WORK INSTRUCTION :: The task requires repeating, word for word, the lines from the one with "Compare all Styli" through the end of the material, leaving out all pictures.

RAW DATA ::
━━━

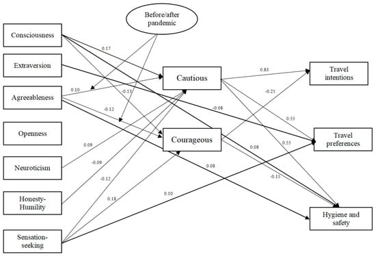The current research contributes to the existing theory in several ways. First, it contributes to the understanding of the relationship between tourist personality, tourists’ reactions to travel risk perception and changes in their travel behavior during the time of the COVID-19 pandemic. The fact that this was the biggest pandemic in recent decades, because of huge media coverage and the fact that even doctors and governments were not sure what is the right way to deal with it, caused even more insecurity in people. Moreover, the measures were very harsh in many of the countries where the research was conducted (border closure), and this also caused more fear, concern and distrust of travel in people. The global risk of coronavirus created an atmosphere of high threat for travelers’ health, so exploring the mentioned constructs in this context has important implications for theory. The findings provided empirical evidence that tourist personality affects changes in travel behavior influenced by a coronavirus, both through their reactions to travel risks (cautious and courageous behavior) but also directly (specifically agreeableness, consciousness, extraversion, sensation seeking). Another important finding is that extraversion and openness to experiences, in specific high-risk situations such as the current pandemic in the time when no vaccines were available to people, did not influence reactions to travel risks, contrary to previous studies that proved their influence in cases of lower and moderate travel risks. In the current study, however, extraversion showed a direct influence on travel preferences, indicating that extraverts might not be ready to change their travel style if this means a more individualistic travel style and distancing from other people. Furthermore, this is the first study to confirm the linkage between reactions to travel risks (cautious and courageous) and changes in travel behavior influenced by COVID-19.
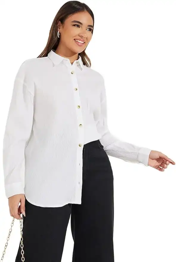 Compare all Styli Women Oversized Textured Longline Shirt with Buttons prices
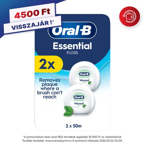 - Az Oral-B Essential Floss fogselyem segít fenntartani a szájhigiéniát, és megtisztítja a fogak közötti területeket

━━━

WRITTEN ANSWER ::
 Compare all Styli Women Oversized Textured Longline Shirt with Buttons prices
 - Az Oral-B Essential Floss fogselyem segít fenntartani a szájhigiéniát, és megtisztítja a fogak közötti területeket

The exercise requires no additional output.